● Exercise:
Within the listing below, please copy exactly the lines between the line holding "Wyposażony jest również" and the line holding "客室テレビ画面にクーポン番号を入力してご利用ください。", inclusive.

● Provided data:
┌──
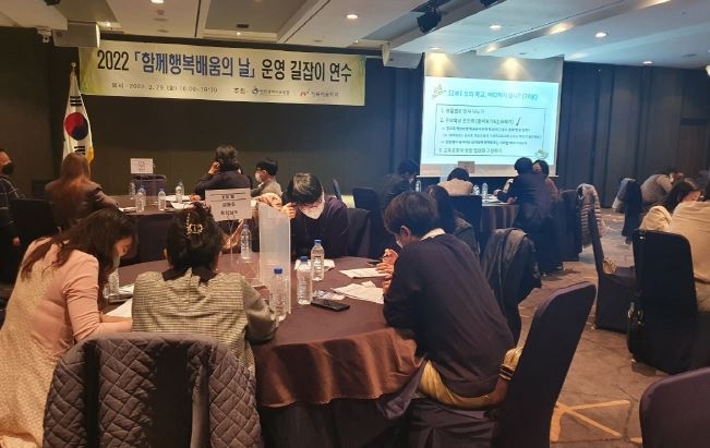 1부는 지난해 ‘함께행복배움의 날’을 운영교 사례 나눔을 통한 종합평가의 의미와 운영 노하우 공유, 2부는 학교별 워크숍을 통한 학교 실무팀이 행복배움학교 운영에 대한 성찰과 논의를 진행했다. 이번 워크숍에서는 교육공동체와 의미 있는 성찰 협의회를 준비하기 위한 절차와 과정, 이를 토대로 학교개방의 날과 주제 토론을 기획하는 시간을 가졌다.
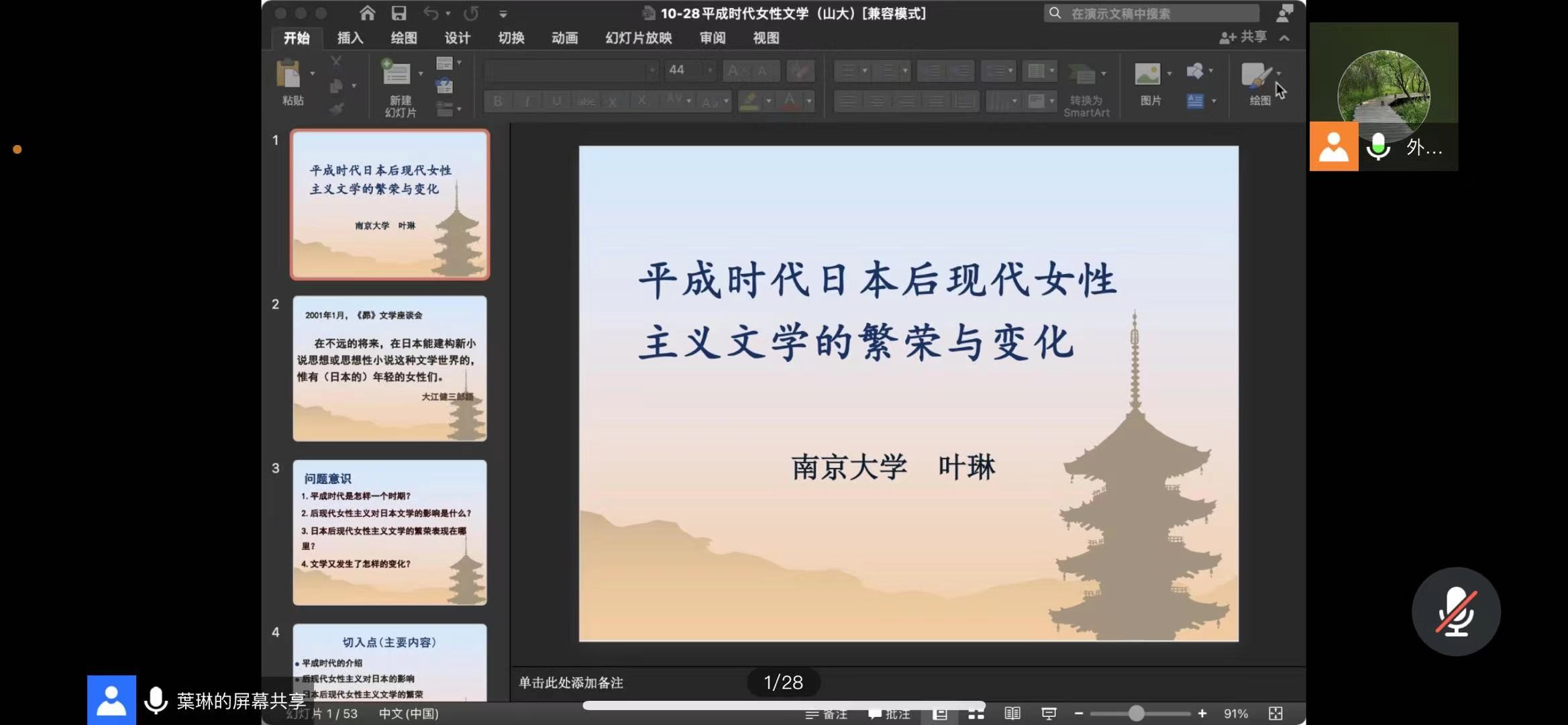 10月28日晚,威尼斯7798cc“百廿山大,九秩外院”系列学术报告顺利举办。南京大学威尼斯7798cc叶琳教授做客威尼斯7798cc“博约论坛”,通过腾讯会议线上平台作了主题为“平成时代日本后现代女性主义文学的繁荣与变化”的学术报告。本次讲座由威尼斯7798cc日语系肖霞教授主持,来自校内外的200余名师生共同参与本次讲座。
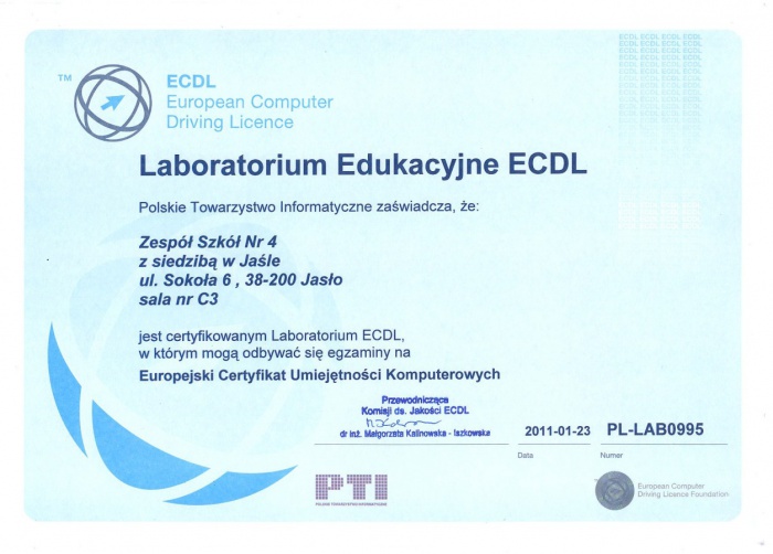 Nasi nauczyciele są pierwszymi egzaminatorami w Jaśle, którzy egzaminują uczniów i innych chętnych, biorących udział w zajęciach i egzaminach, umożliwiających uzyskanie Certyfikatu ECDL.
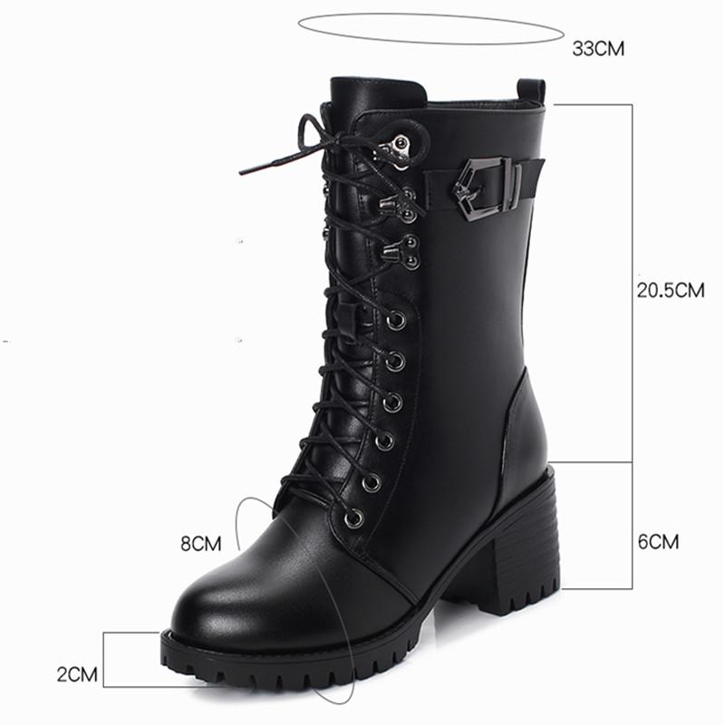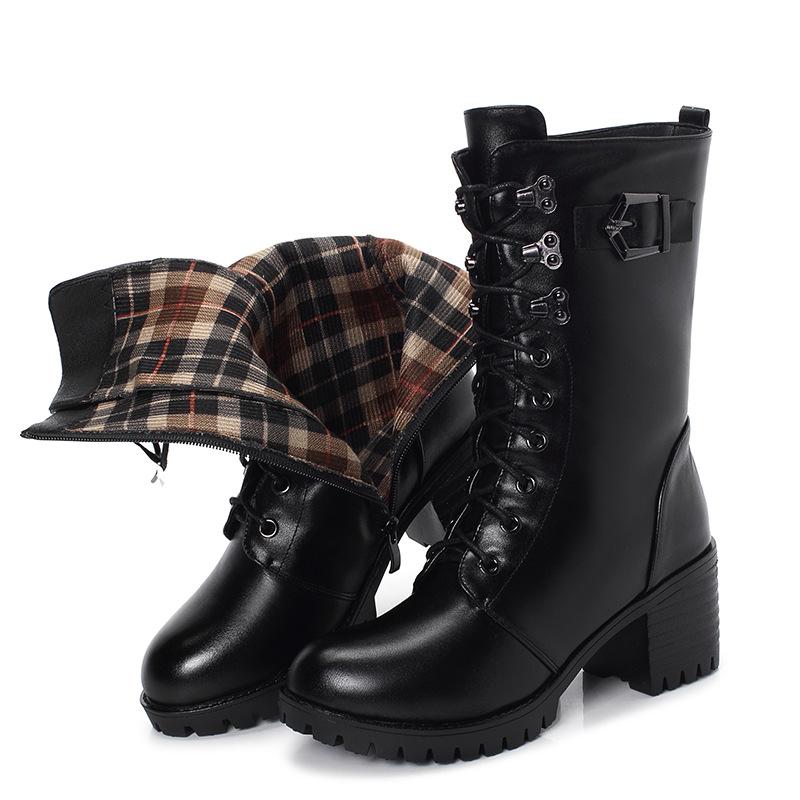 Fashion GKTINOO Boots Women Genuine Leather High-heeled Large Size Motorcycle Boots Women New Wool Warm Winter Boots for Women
└──
┌──
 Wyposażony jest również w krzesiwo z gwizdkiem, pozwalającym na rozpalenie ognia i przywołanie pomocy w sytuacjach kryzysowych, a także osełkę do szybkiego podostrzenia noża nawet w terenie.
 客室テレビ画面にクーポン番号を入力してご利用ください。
└──
┌──
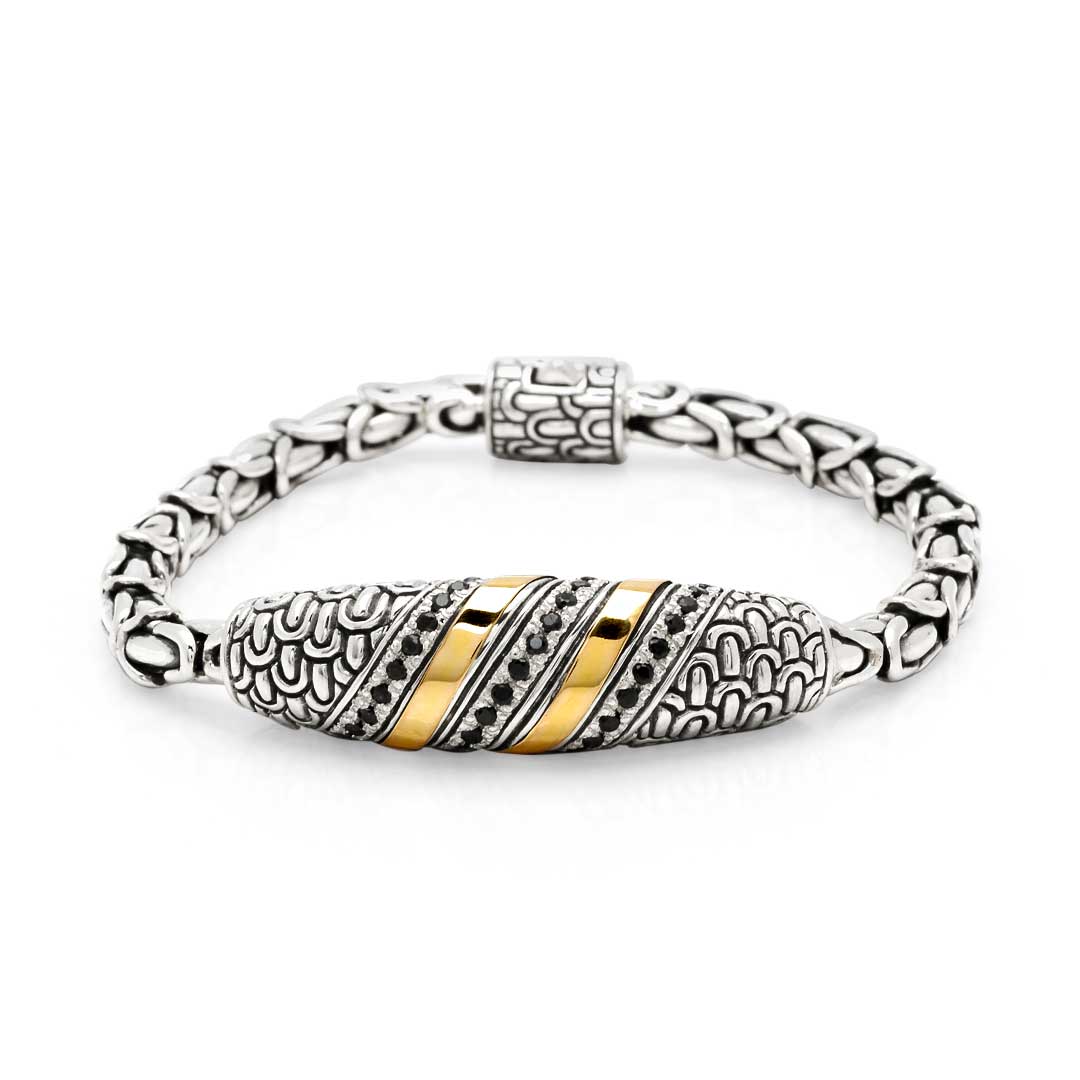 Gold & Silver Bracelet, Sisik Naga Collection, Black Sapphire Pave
└──
● Finished exercise:
 Wyposażony jest również w krzesiwo z gwizdkiem, pozwalającym na rozpalenie ognia i przywołanie pomocy w sytuacjach kryzysowych, a także osełkę do szybkiego podostrzenia noża nawet w terenie.
 客室テレビ画面にクーポン番号を入力してご利用ください。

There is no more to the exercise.